D. Hayes Agnew informs me that he for a long time practised stopping nasal hemorrhage by plugging the chamber from in front. Strips of patent lint four inches long by half an inch wide are employed for this purpose. They are gradually pushed into the chamber until the entire space is filled as far as is practicable. An essentially similar method is described by F. H. Bosworth in his Manual of Diseases of the Throat and Nose.
Morbid Growths.
These may be said to include the myxoma, sarcoma, fibroma, carcinoma, also the true hypertrophies and submucous inflammatory thickening.
The myxoma, more commonly known by the name of soft or gelatinous polyp, is the most prominent of the morbid nasal growths. It occurs ordinarily in small pedunculated seed-like masses, ranging in size from that of a grain of wheat to a grape. The most common seat is on the anterior portion of the middle turbinated bone and on the median surface of the inferior turbinated bone at the palatal portion. Instead of being pedunculated, they may be sessile; that is, each tumor may have a base equal to, if not exceeding, any diameter of the tumor.
The symptoms of nasal polypus are of three kinds: (1) those arising from obstruction of the nasal respiration; (2) those arising from the irritation excited by their presence; (3) the symptoms, reflex in character, manifested at points beyond the limit of the nasal chambers.
(1) The polypi necessarily tend to obstruct the respiratory tract of the nasal chamber. The first symptoms are of this character, and as a rule furnish the first intimation to the patient that trouble exists. Difficulty of nasal respiration is acknowledged, accompanied with a sense of tension and fulness, which is found to be worse during damp weather than when the air is dry and bracing. If the growths are freely pendulous, the act of blowing the nose may change the position of the mass and secure temporary freedom from distress. Incidental to obstruction, an intonation of the voice is often present. Loss of smelling and of taste is a frequent result of the mass interfering with the movement of the odoriferous particles. The loss of the sense of taste is dependent upon the loss of the sense of smelling.
(2) Polypi when large enough to press against the membranes of the nose excite an increased flow of mucus. As a rule, this flows forward, and is removed by the handkerchief. The quantity of fluid thus escaping is often very great. Patients often report the necessity of carrying about with them for a single day's use from eight to ten handkerchiefs. In the turgesence excited by an attack of coryza the mucus becomes thicker and of a yellowish color. Occasionally a sensation of dropping of mucus from the nose into the throat is a source of complaint.
(3) The reflex symptoms belonging to the presence of nasal polypi are, as a rule, referred to the forehead. This is especially the case if the growths involve the middle turbinated bone. When the tumors are so located, and have not impinged upon the respiratory tract, the symptoms of obstruction may be absent, and those of mucus excitement so moderate as not to excite attention, while the tension in the forehead, especially over the frontal bos, is pronounced. This sensation is intensified by prolonged inclination of the head forward, being especially aggravated in the acts of writing at a desk, working at a sewing-machine, kneeling at prayer, etc. Occasionally tinnitus aurium and suffusion of the conjunctivæ are present.
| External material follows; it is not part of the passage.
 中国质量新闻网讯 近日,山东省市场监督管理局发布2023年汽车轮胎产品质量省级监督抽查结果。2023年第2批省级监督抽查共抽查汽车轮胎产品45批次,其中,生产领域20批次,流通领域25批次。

Neglected polypus ends in deformity of the nasal chambers and bones of the face. The face assumes a peculiar expression called by the older observers frog face. This is rarely if ever seen in this country, owing doubtless to the fact that the sufferers from nasal polypus seek medical advice in the early stages of the affection. Moderate degrees, however, of deformation of the turbinated bones are often seen.
Since the symptoms of soft nasal polypus are produced entirely by mechanical means, they can be closely imitated if not replaced by other morbid states of the mucous membrane. A hyperplastic state of the membrane over the middle turbinated bone will give rise to all the symptoms of a sessile polypus in the same situation. It is well to remember that this condition of the membrane often coexists with polypus, and of course will persist after the polypus has been removed. It follows that a guarded prognosis should always be made in case of sessile polypus. A tedious course of treatment of the indurated and chronically inflamed membranes may be required after the tumors have been removed before a cure is effected. The prognosis of soft polypus is more favorable as to the immediate results of treatment than in sessile polypus. The liability to recurrence can be materially lessened by carefully conducted after-treatment.
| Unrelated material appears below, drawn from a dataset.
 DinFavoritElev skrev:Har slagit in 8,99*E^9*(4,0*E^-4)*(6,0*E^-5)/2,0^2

The diagnosis of soft pedunculated polypus is readily accomplished if the examination is made by aid of an appropriate speculum, the rhinal mirror, and a powerful light. Even without these aids the tumors can be seen by direct sunlight within the nostril if they are entirely occluding the chambers, and even in the event of nothing being visible by such inspection the movement of the masses by the act of blowing the nose will be noticed. The fact that the nasal obstruction is aggravated by damp weather seems to assist the physician in framing a diagnosis.
The diagnosis of sessile polypus requires a careful use of all the aids of rhinoscopy. They can be distinguished from hyperplasia of the mucous membrane by their lobulated form, and from the fact that the probe can move them slightly from their base. They can be distinguished from adenoid growths at the root of the pharynx by the fact that they remain unmoved during the act of swallowing.
The disease is not apt to recur if the treatment is thoroughly carried out.
The treatment of soft polypus consists in their removal. All observers are now agreed on this point. Injection by astringents and acetic acid—a process that at one time held out much promise—has been generally abandoned. In removal of the polypus one of two methods may be resorted to: that by avulsion, and that by the use of the snare. Avulsion is effected by forceps adapted for this special use. With such an instrument the polyps can readily be seized and removed. The rule that nothing should be seized which is not seen is subject to no exception. In no other way can the operator be secure against accidents. Incautious operators have frequently torn away strips of mucous membrane or portions of the turbinated bones in their crude attempts to remove these growths. Severe hemorrhage and death through violent lacerations of the ethmoid bone near the cribriform plate, and subsequent extension of the inflammation thereby excited to the membranes of the brain, have been known to follow these crude surgical procedures.
| FIG. 21. |
| The Author's Nasal Forceps. |
W. C. Jarvis of New York has modified the wire snare for application to the nose for the removal of polypi and hypertrophied tissues, and reports that it is a safer, more expeditious, and less painful method of operation than the forceps, which he unqualifiedly condemns. His instrument, while undoubtedly an ingenious adaptation of the principle of the snare, and a valuable addition to our means of treating nasal affections, cannot, in my judgment, take the place of the forceps in removing nasal polypi. As the aurist finds both the forceps and the snare useful in removing growths from the external meatus of the ear, so I am sure the physician will need both in the treatment of nasal polypi. In many cases the malformations of the nasal septum are such that I have been unable to use the snare where the forceps could be used with relative ease. I find when the loop is quickly drawn the same amount of bleeding follows as when the forceps are used. When it is slowly drawn, the sitting is tedious, and both the patient and attendant find the process wearying. The amount of blood lost when the forceps are properly used is not considerable, and is always under control. F. H. Bosworth1 describes the operation as extremely painful. So far from this being the case in my experience, I find the patients complain greatly of the constriction of the wire loop on the pedicle of the polypus, and invariably prefer the forceps. I must add that this preference was in no way influenced by myself, for I was disposed at one time to agree with the writers who have of late criticised the method of removal of the polyps by avulsion.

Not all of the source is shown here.